Repeat only the lines below that run from the line with "Listede en uygun" to the line with "本标准定了包装标准化经济效果的评价原购和计算厅法。GB 85789", ends included; skip every picture.

◆ Source records
----
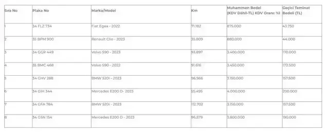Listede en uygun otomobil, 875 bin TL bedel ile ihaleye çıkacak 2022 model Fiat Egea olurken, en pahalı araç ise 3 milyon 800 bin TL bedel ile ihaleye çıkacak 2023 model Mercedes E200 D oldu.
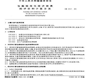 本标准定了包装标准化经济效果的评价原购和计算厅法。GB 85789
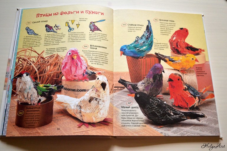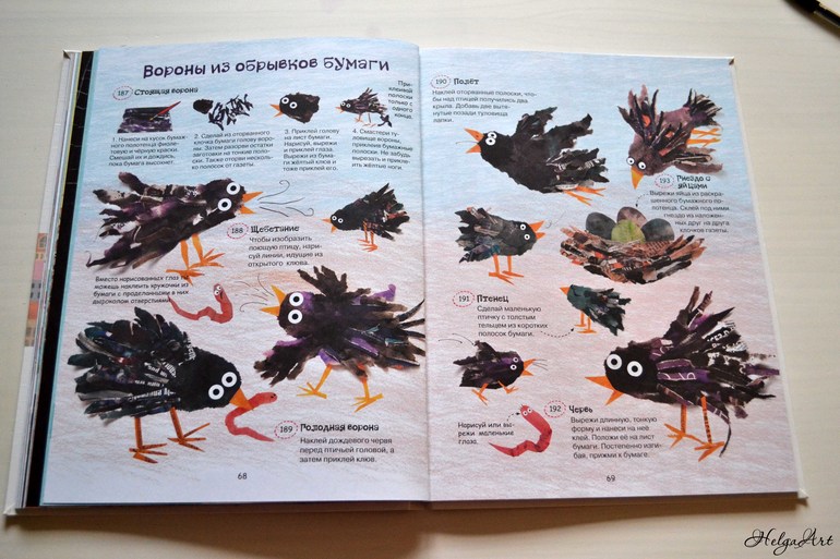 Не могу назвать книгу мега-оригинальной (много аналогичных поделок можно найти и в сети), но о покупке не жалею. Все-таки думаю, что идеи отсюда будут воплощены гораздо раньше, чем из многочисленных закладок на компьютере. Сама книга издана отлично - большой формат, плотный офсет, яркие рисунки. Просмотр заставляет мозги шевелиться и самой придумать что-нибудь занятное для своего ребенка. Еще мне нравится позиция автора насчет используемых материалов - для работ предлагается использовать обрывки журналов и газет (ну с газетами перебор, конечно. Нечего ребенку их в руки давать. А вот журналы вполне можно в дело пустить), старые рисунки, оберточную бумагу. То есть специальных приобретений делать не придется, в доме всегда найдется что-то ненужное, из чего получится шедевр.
----
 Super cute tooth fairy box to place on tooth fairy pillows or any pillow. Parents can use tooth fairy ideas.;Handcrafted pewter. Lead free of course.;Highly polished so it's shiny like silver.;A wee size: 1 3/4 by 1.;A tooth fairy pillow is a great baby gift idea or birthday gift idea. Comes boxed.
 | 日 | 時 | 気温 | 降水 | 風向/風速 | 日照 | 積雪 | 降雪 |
----
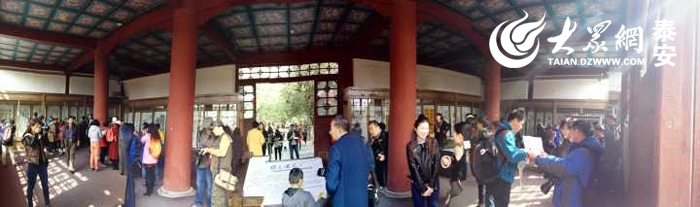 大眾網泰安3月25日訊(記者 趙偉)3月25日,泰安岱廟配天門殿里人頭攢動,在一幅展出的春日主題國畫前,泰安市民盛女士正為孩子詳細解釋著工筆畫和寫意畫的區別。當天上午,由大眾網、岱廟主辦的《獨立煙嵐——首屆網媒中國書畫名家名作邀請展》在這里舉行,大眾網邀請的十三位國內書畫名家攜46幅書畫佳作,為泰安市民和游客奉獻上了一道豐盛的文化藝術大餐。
----
◆ Exercise result
Listede en uygun otomobil, 875 bin TL bedel ile ihaleye çıkacak 2022 model Fiat Egea olurken, en pahalı araç ise 3 milyon 800 bin TL bedel ile ihaleye çıkacak 2023 model Mercedes E200 D oldu.
 本标准定了包装标准化经济效果的评价原购和计算厅法。GB 85789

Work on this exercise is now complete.